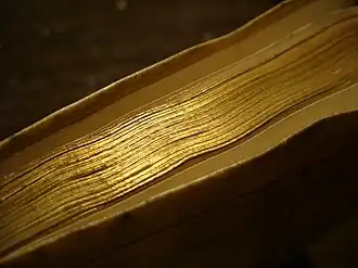 Met behulp van een laag eiwit of fijne klei en stijfsel wordt een basislaag gelegd op de gladgemaakte en gepolijste snede van het boekblok. Een reep bladgoud wordt op maat gesneden, op de basislaag gekleefd en na het drogen nogmaals gepolijst met agaat.
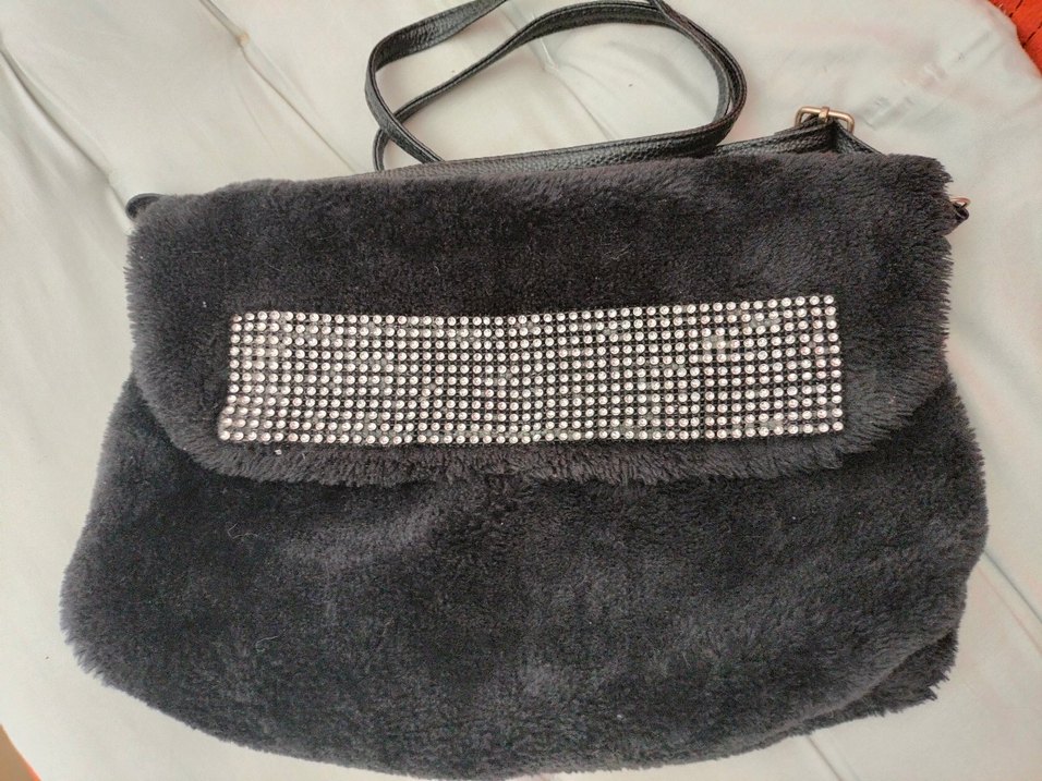 Yumuşak kürk görünümlü kumaş ve parlak işleme detaylı siyah kadın çantası, rahat ve gotik tarzları birleştirir.
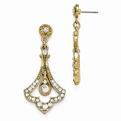 Gold-tone Clear Glass Post Fleur Drop Earrings

> **Task prompt**
From the material above, print everything exactly except the pictures.

> **Output of the exercise**
 Met behulp van een laag eiwit of fijne klei en stijfsel wordt een basislaag gelegd op de gladgemaakte en gepolijste snede van het boekblok. Een reep bladgoud wordt op maat gesneden, op de basislaag gekleefd en na het drogen nogmaals gepolijst met agaat.
 Yumuşak kürk görünümlü kumaş ve parlak işleme detaylı siyah kadın çantası, rahat ve gotik tarzları birleştirir.
 Gold-tone Clear Glass Post Fleur Drop Earrings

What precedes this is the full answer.